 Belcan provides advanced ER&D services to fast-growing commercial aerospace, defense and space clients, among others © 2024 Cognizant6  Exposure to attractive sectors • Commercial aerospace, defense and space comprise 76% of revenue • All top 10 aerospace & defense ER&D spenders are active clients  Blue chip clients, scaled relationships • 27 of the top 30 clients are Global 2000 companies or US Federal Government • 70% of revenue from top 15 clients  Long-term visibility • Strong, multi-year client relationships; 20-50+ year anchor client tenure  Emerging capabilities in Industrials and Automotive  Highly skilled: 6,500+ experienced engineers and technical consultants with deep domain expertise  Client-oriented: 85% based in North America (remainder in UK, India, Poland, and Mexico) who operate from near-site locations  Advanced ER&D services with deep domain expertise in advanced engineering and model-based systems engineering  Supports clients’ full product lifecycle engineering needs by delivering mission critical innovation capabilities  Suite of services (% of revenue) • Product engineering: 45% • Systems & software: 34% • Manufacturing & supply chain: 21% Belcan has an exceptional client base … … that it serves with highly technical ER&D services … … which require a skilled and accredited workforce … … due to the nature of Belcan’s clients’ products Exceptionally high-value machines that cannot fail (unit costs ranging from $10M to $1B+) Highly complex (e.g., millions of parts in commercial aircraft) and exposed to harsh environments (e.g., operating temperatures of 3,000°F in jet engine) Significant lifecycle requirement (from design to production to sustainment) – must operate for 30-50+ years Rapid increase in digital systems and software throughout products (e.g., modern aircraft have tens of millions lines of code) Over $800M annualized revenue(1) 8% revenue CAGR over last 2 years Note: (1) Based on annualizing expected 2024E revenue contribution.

...

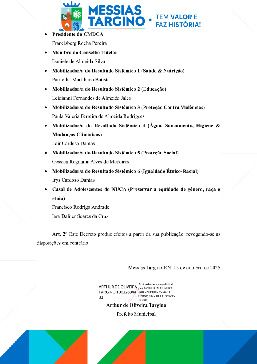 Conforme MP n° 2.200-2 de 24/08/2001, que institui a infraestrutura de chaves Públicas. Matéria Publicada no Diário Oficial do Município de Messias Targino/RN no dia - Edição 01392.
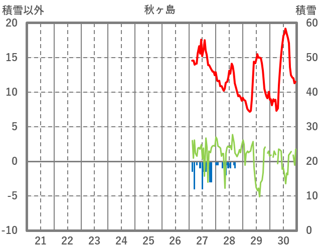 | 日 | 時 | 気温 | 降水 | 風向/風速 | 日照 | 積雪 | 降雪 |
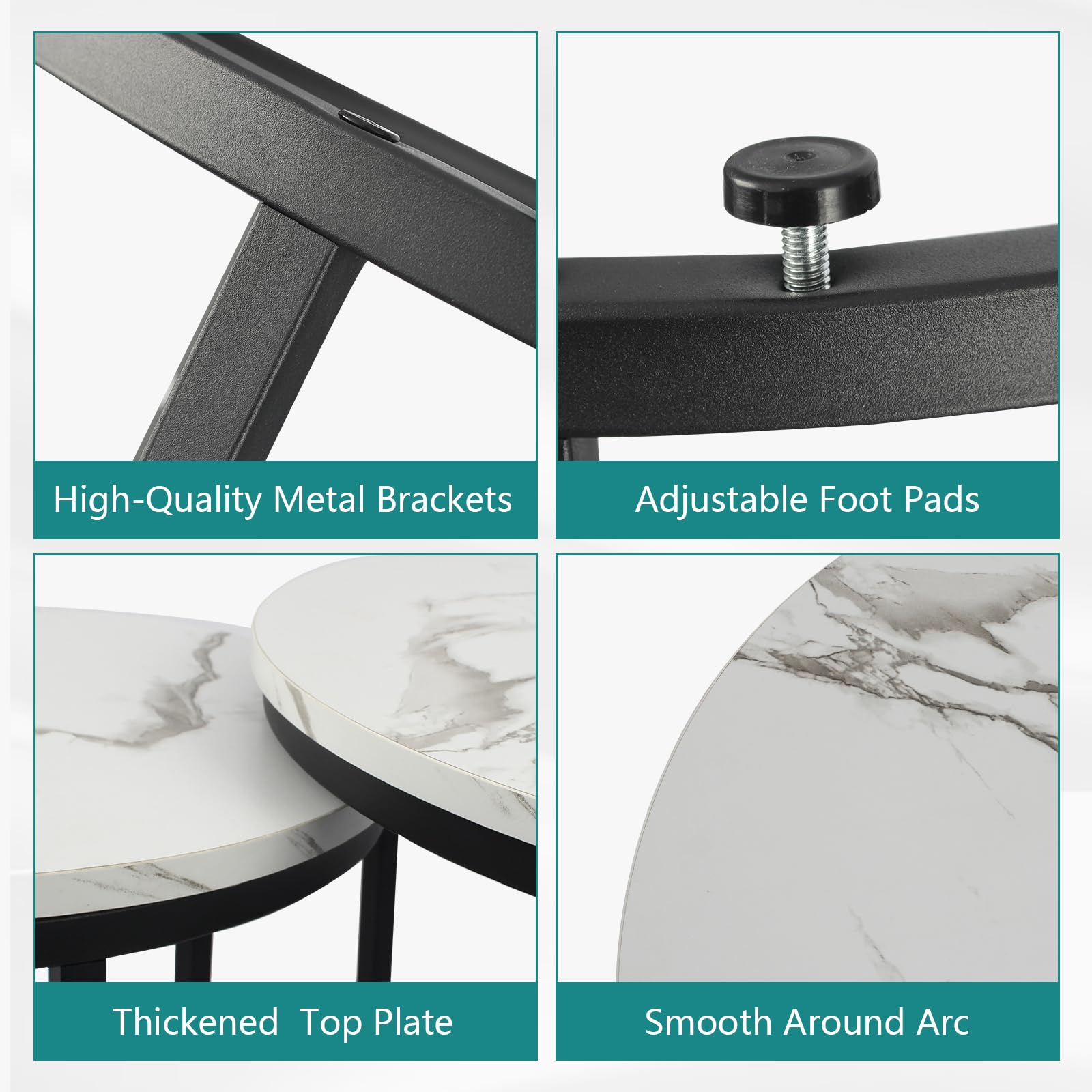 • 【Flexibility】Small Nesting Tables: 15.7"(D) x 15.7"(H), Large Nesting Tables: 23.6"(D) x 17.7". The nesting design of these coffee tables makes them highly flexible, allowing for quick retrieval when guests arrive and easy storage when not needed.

---

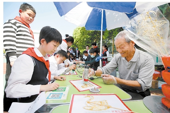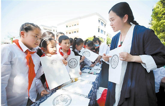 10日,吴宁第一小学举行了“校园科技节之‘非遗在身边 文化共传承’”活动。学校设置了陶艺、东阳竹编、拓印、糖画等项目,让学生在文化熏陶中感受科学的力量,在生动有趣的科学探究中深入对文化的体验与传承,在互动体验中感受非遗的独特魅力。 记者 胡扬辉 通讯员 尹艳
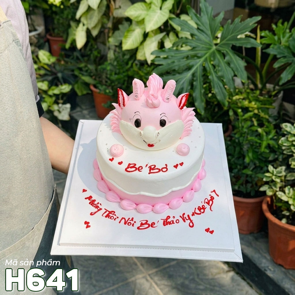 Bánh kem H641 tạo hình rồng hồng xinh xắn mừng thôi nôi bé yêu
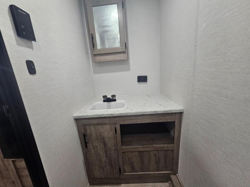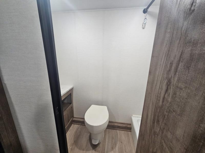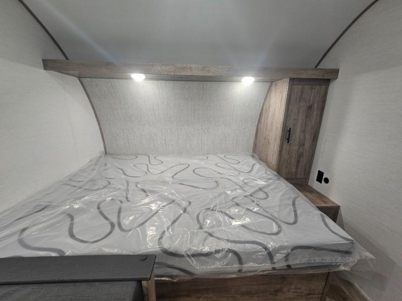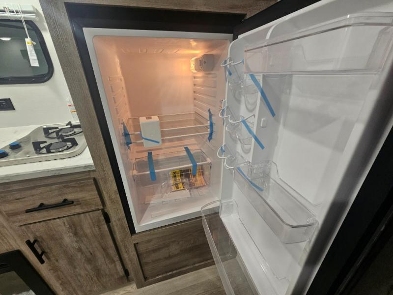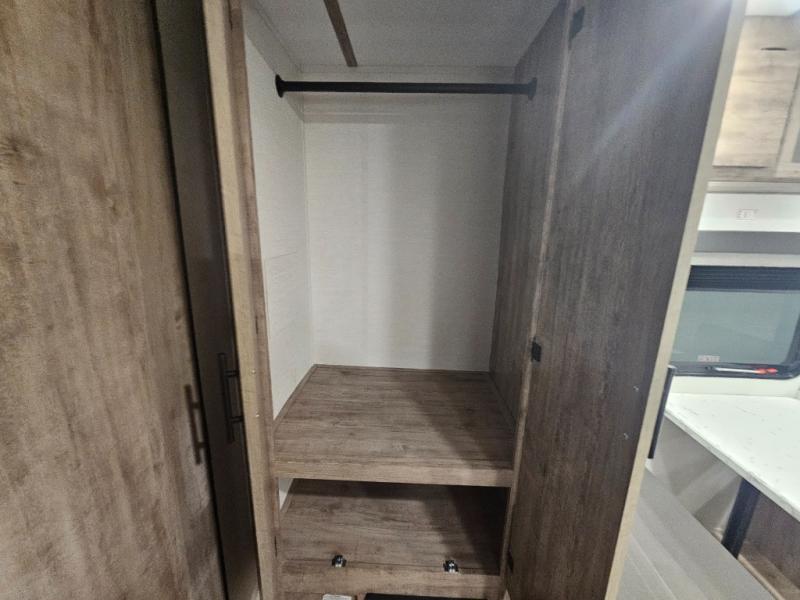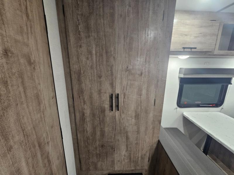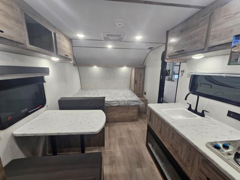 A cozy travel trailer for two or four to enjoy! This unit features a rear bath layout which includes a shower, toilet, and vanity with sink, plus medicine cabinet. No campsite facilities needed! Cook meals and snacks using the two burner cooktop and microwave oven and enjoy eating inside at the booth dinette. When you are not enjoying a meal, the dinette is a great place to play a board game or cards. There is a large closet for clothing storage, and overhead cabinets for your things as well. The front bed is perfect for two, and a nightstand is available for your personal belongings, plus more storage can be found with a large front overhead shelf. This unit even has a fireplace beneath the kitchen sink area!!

** TASK BRIEF **
Nothing but the lines from the one containing "日照 | 積雪 | 降雪 |" through the one containing "when not needed." should appear, copied exactly from the material above and without pictures.

** RESPONSE **
 | 日 | 時 | 気温 | 降水 | 風向/風速 | 日照 | 積雪 | 降雪 |
 • 【Flexibility】Small Nesting Tables: 15.7"(D) x 15.7"(H), Large Nesting Tables: 23.6"(D) x 17.7". The nesting design of these coffee tables makes them highly flexible, allowing for quick retrieval when guests arrive and easy storage when not needed.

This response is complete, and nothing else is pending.